Let’s just stop and think about that for a few minutes … that’s 95% of people who actively want to be able to do more things with their handset, but the industry is locking them out because it’s made it all too complicated. If we just think about the UK for now that’s over 40million people that want to do more with the mobile (based on a UK population of just under 61m (see here) and an assumption that only 75% of those have a phone).

If we take that a step further and say that once these people are happily doing more with their phone, they will be happy to spend more on their phone – whether that is in increased tarriffs (ie increasing data usage), downloading apps, or just making the phone a more integral part of their lives. So let’s be conservative and assume that they increase their annual spend by £5 each – that’s £200million that the UK operators are missing out on.

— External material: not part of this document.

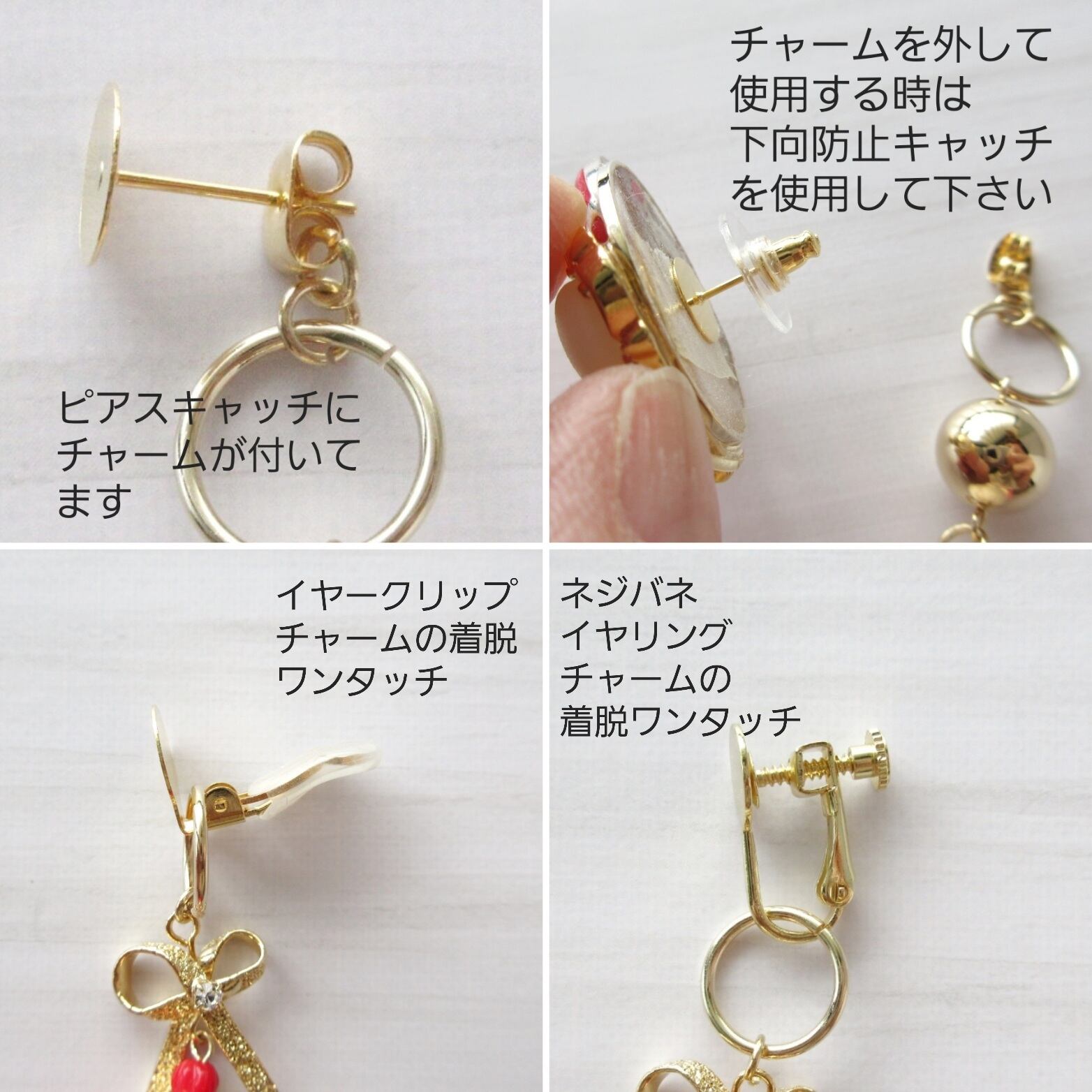 他のピアス・イヤリングのチャームと付け替えてオリジナルのオシャレも楽しめまるのでオシャレの幅が広がる仕様です。

Let’s be even more conservative and say that only half of those people would actually spend more … that’s still £100 million per year that UK operators are missing out on. I can’t even begin to think about the numbers globally.

Matthew Bancroft, Vice President, Mformation said of the figures:

“Subscribers are clearly convinced of the value of mobile services. However, 85% of the people we surveyed find it frustrating to have to go through a number of steps when they want to activate a service or application. It’s a bit like getting a new gadget, then finding that the batteries aren’t included. Providing mobile subscribers with a more seamless experience will remove these pains.”

It starts when consumers first buy the handset. According to the research most consumers feel that about 15 minutes is long enough to be setting up a new phone, yet the average time it takes is an hour.

This research clearly highlights why the mobile industry has to start thinking about how to make services work for consumers and not race headlong into new stuff that sounds cool, but no-one can use.